決勝戦③
「「『覇飛不兵砲』!!」」
戦いが始まってから、5度目の大技が激突した。
何度も行われた同技対決であるが、今度は技の威力が同じだったのか、完全な相殺が行われた。
「嘘……。いくらなんでも、早すぎでしょう?」
弩筋の口から、驚きの声が漏れた。
それも当然だろう。試合終了までは追いつかれるはずが無いと思っていた技の完成度。
それをたった数度の攻防で成し遂げられたのだから、驚かない方がおかしい。弩筋自身、親を見本にここまで時間をかけて技を磨き続けてきたのだ。たった数度で追いつかれるなど、ありえないと声を大にして言いたくなるというものだ。
ただ、そんな偉業を成し遂げた麗羅の表情は暗い。
「……『覇飛不兵砲・改』。ここまで弄ってオリジナルと同じなんて。付け焼刃とは言え、地力の差が大きいわね」
麗羅がやったのは模倣ではなく、発展や応用と言われるものだ。
オリジナルの『覇飛不兵砲』をコピーするにも限界があり、どうやっても勝ち目を見出すことができない。
だから、他の技を足した。
使える技をいくつも組み上げ、技の威力を底上げしたのだ。
これが弩筋にもできない麗羅のカスタマイズだ。
オリジナルのコピーを超えたパロディ、チャンポンによるカスタマイズ。
元の技は弩筋の、倍筋家のものだが、ここまで変化すると弩筋ではたどり着けない技となる。

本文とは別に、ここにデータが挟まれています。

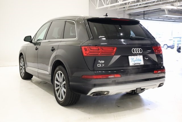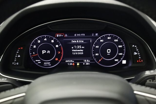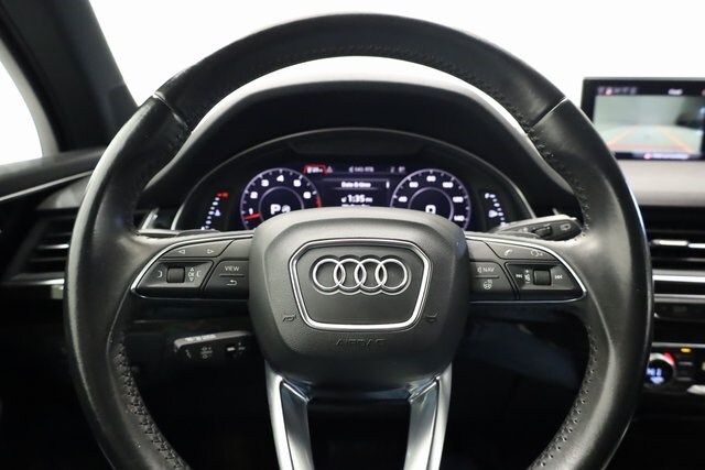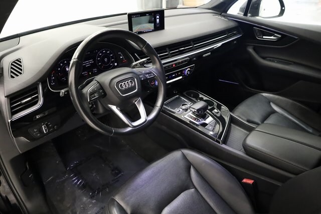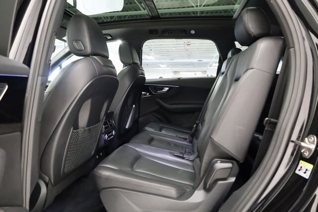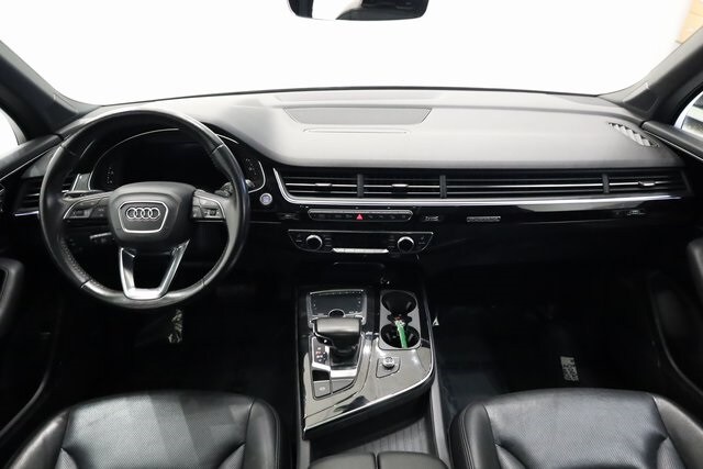 This Q7 is well equipped with Cold Weather Package (3-Spoke Multifunction Steering Wheel w/Paddles, Black Rubber All-Weather Floor Mats (Set of 4), and Heated Rear Seats), Convenience Package (Audi Phone Box w/Wireless Charging, Audi Side Assist w/Pre Sense Rear, and Heated Auto-Dimming Power Folding Exterior Mirrors), Driver Assistance Package (Audi Active Lane Assist, Audi Adaptive Cruise Control w/Traffic Jam Assist, Audi Park Steering Assist, Audi Pre Sense Front, High-Beam Assistant, and Traffic Sign Recognition), LED Interior Lighting Package, Premium Plus Package (3D Bose Surround Sound System, Audi Virtual Cockpit, LED Headlights w/Dynamic Indicators, and Topview Camera System), Towing Package, Warm Weather Package (4-Zone Automatic Climate Control, Driver & Passenger Front Seats w/Ventilation, and Rear Door/Side Windows & Tailgate Sunshades), 10 Speakers, 3.204 Axle Ratio, 3rd row seats: bench, 4-Wheel Disc Brakes, ABS brakes, Air Conditioning, Alloy wheels, AM/FM radio: SiriusXM, Audi smartphone interface (Apple CarPlay/Android Auto), Auto-dimming Rear-View mirror, Automatic temperature control, Black Cloth Headliner, Brake assist, Bumpers: body-color, CD player, Compass, Delay-off headlights, Driver door bin, Driver vanity mirror, Driver's Seat Mounted Armrest, Dual front impact airbags, Dual front side impact airbags, Electronic Stability Control, Emergency communication system: Audi connect CARE, Exterior Parking Camera Rear, Four wheel independent suspension, Front & Rear Doors Audi Beam-Rings, Front anti-roll bar, Front Bucket Seats, Front dual zone A/C, Front fog lights, Front reading lights, Fully automatic headlights, Garage door transmitter: HomeLink, Heated door mirrors, Heated Front Bucket Seats, Heated front seats, High intensity discharge headlights: Xenon plus, Illuminated entry, Leather Seating Surfaces, Leather Shift Knob, Leather steering wheel, Low tire pressure warning, Memory seat, Navigation system: MMI Navigation plus, Occupant sensing airbag, Outside temperature display, Overhead airbag, Panic alarm, Passenger door bin, Passenger seat mounted armrest, Passenger vanity mirror, Power door mirrors, Power driver seat, Power Liftgate, Power moonroof, Power passenger seat, Power steering, Power windows, Privacy Trunk Cover, Radio data system, Radio: Audi MMI Navigation Plus, Rain sensing wipers, Rear air conditioning, Rear anti-roll bar, Rear fog lights, Rear reading lights, Rear seat center armrest, Rear window defroster, Rear window wiper, Remote keyless entry, Roof rack: rails only, Security system, Speed control, Speed-sensing steering, Split folding rear seat, Spoiler, Steering wheel memory, Steering wheel mounted audio controls, Tachometer, Telescoping steering wheel, Tilt steering wheel, Traction control, Trip computer, Turn signal indicator mirrors, USB Cables, Variably intermittent wipers, Wheels: 19" 5-V-Spoke Design, and Wheels: 20" 10-Spoke-Star Design Bi-Color.

改善と改良を積み重ねてきた技ではなく、異質化された技。
言葉にすると簡単な事だが、技の総合的な難易度としては麗羅の技の方が酷い。
本来であればここからバランス調整や先鋭化を行い、真に実用に足る技へと作り替えるのだが、今はコスパの悪い、消耗の大きすぎる技だ。
実際、麗羅の消費は弩筋と比べ、倍以上だろう。多用できる技ではなかった。
これ以上の長期戦は不利などと言う物ではない。
よって無理やり組み上げた技を武器に、麗羅は最後の勝負に出る。
「貴女がどんな技を使おうとも、みんなまとめてやっつけてやる! これが私の渾身の一撃! 『覇飛不兵砲』!!」
「私のスピードを、甘く見るなっ! 早さが私の得意技!」
本来はどっしり構えて使う大技『覇飛不兵砲』。
それを小技の様に、駆け出しながら使う麗羅。
当然威力は減衰し、弩筋の技に消し飛ばされるが。弩筋の『覇飛不兵砲』は軌道がずれ、麗羅は直撃コースから外れる。
「強ければいいってもんじゃないのよ!!」
軽い技は使った後の隙が小さい。
繋ぎとして使う分にはちょうどいい。
逆に大技は使った後の反動・隙が大きくなる。
使うタイミング、場の流れを上手く組み立てないといけないのだ。
「『覇飛不兵砲・改』!」
正式な名前のまだ無い、麗羅の大技。
弩筋の懐に飛び込んだ麗羅は最後の、全力の一撃を見舞う。
弩筋は大技の後とはいえ、身をよじって麗羅の『覇飛不兵砲・改』の直撃を避けようとした。胴体直撃だけは、何とか回避した。
だが、右腕を砕かれそれでも吹き飛ばされ、場外へ。
また、最後の一撃にすべてを賭けた麗羅も倒れる。
双方そのまま立ち上がる事が出来ず、判定により麗羅の勝利が宣言された。